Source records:

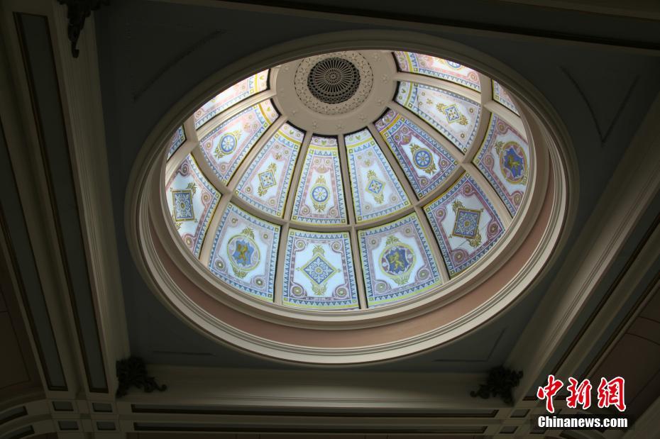 英国英格兰西北部的麦克斯菲尔德(Macclesfield)小镇,历史上丝绸制造业兴旺,曾被誉为英国的“丝绸之都”,为欧洲丝绸产业中心。该镇与中国的交往有400多年的历史,是古代“丝绸之路”在欧洲延伸的最西端。如今,随处可见的“丝绸元素”仍鲜活地呈现于世。图为小镇市政厅用丝绸装饰、风格独特的穹顶。中新社记者张平摄
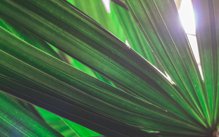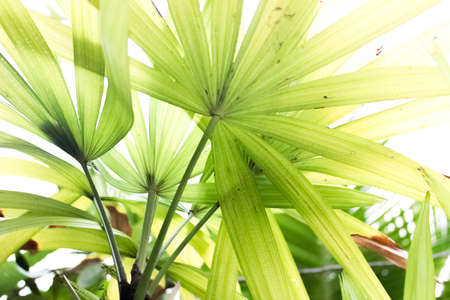 Close up of green leaf bamboo palm or lady palm (Rhapis exclesa, PLAMAE) with sun flare. Green nature leaves textured abstract background.
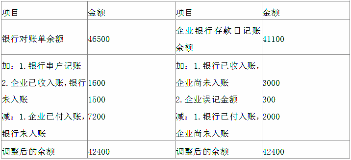 (5)6月30日,存入银行支票一张,金额为1500元,银行已承办,企业已凭回单记账,对账单并没有记录。
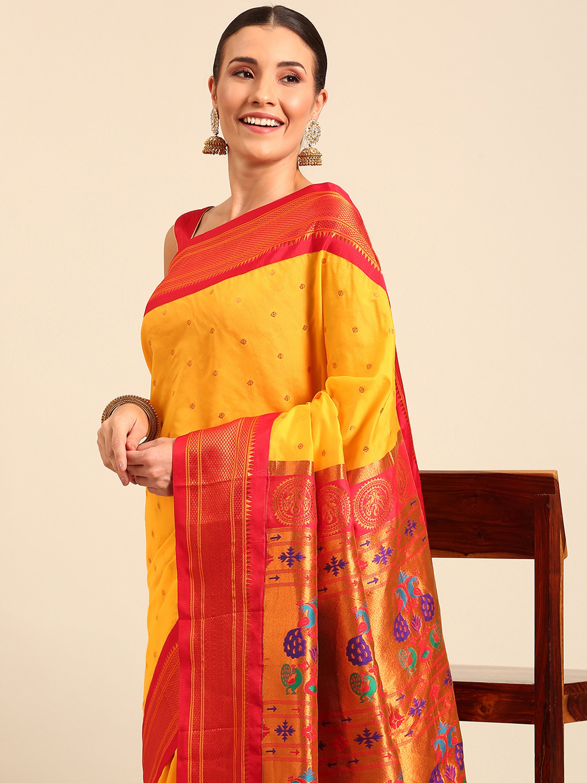 Neha Haldi & Red Soft Silk Maharani Paithani Saree
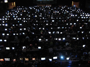 Xa roda a pleno pulmón cibernético a principal romaría do país. Cruzando a media tarde, os últimos en chegar buscaron asento entre o mar de computadores. Máis de 1.800 ciber-romeiros. Estamos todos? Que comece a festa!
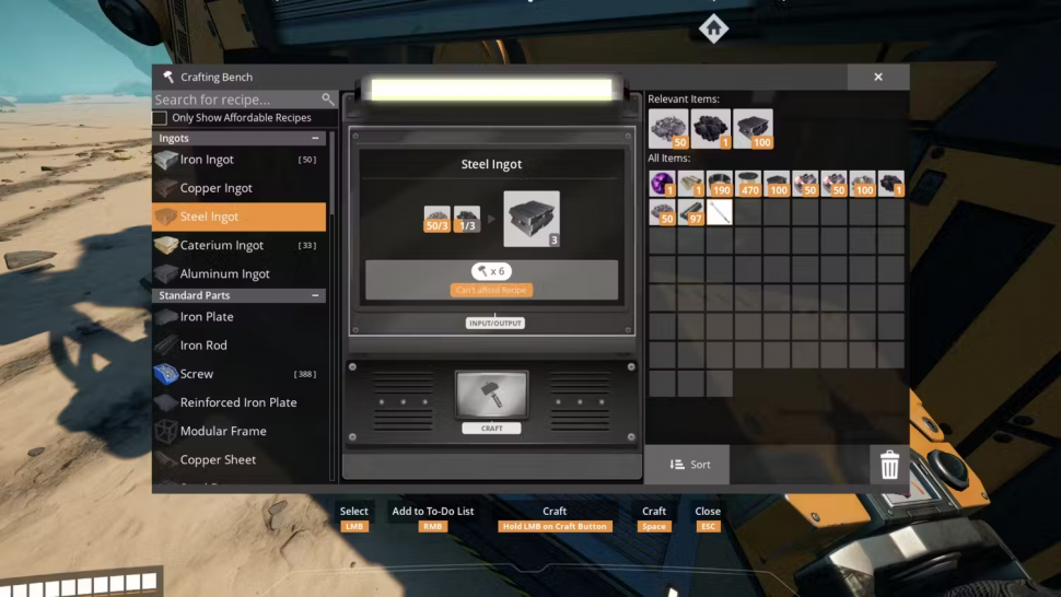 Даже после достижения соответствующей вехи игроки все равно не смогут создать сталь, так как для рецепта требуется дополнительный материал, который, возможно, еще не разблокирован.
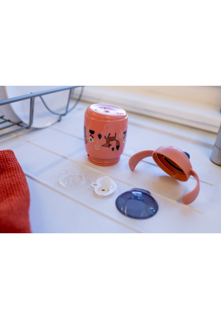 Hrnek a všechny jeho součásti je možné mýt v horním koši myčky. Neobsahuje bisfenol.

WHAT THE TASK REQUIRES: The expected result is the data above in exact form, free of pictures.

SOLUTION TO THE PROBLEM:
 英国英格兰西北部的麦克斯菲尔德(Macclesfield)小镇,历史上丝绸制造业兴旺,曾被誉为英国的“丝绸之都”,为欧洲丝绸产业中心。该镇与中国的交往有400多年的历史,是古代“丝绸之路”在欧洲延伸的最西端。如今,随处可见的“丝绸元素”仍鲜活地呈现于世。图为小镇市政厅用丝绸装饰、风格独特的穹顶。中新社记者张平摄
 Close up of green leaf bamboo palm or lady palm (Rhapis exclesa, PLAMAE) with sun flare. Green nature leaves textured abstract background.
 (5)6月30日,存入银行支票一张,金额为1500元,银行已承办,企业已凭回单记账,对账单并没有记录。
 Neha Haldi & Red Soft Silk Maharani Paithani Saree
 Xa roda a pleno pulmón cibernético a principal romaría do país. Cruzando a media tarde, os últimos en chegar buscaron asento entre o mar de computadores. Máis de 1.800 ciber-romeiros. Estamos todos? Que comece a festa!
 Даже после достижения соответствующей вехи игроки все равно не смогут создать сталь, так как для рецепта требуется дополнительный материал, который, возможно, еще не разблокирован.
 Hrnek a všechny jeho součásti je možné mýt v horním koši myčky. Neobsahuje bisfenol.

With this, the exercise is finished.